主人公の女性修復士の周りで起こる不可思議な死。それはやがて明確な殺人となり、徐々に主人公を追い詰めていく。何よりもこの作品で特徴的なのは、絵に描かれたチェス盤。勝負の途上にある対局が実は、500年後の現代にあって何事かを語り始める。犯行と同時進行して行くチェスの差し手が謎を深める一方で、解決へと導いていく。

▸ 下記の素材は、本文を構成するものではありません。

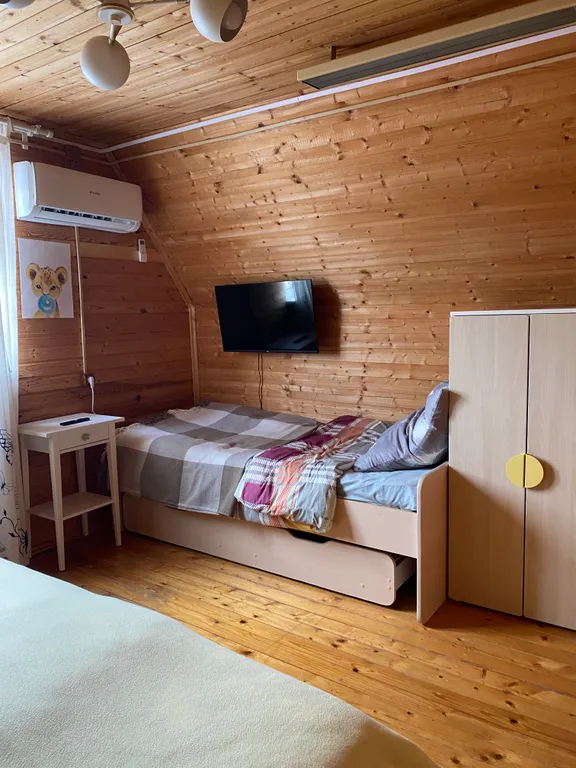 2 этаж: 2 спальных комнаты (3+3 спальных места), рабочее место в общей зоне.

アイデアは盛り沢山で、実際ある種の誘引力で惹き付けるんだけど、チェスが分からないとこの小説理解出来ません。日曜の3チャンネルでやっている将棋の対局表のように、チェスの盤面が示され、棋譜を解説されても読み飛ばすしかない。一冊の小説を読む為にわざわざチェスのやり方を覚えないでしょう、みんなも。結局、そこは読み飛ばすしかなく、雰囲気を味わうだけで面白さを賞味できませんでした。

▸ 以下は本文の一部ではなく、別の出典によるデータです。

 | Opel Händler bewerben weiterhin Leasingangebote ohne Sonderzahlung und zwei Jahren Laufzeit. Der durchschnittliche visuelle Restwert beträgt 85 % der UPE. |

だからでしょうか?なんか、面白みが湧かない。絵画に秘められた当時の複雑な状況なんかはすっごく魅力的なんだけど、思わせぶりなだけできちんと生かし切れていない感じもしました。一概に、つまらないと切って捨てられないだけの不思議な魅力はあるんですけどね…なんか惜しい!って感じ。
最後は、いかにもミステリーという感じで納得のいく予定調和で終わるので安心できるのですが、う~ん評価は微妙? 個人的には、読まなくてもいいような気がします。恐らくほとんどの人にもそう思えると思います。これが結構売れたというのは、ちょっと不思議ですね。
チェスの分かる人の意見も聞いてみたいところです。将棋なら分かるんですけどね、私も。だから、チェスを通して言いたいことは分かるんですが、どうも実感できなくて。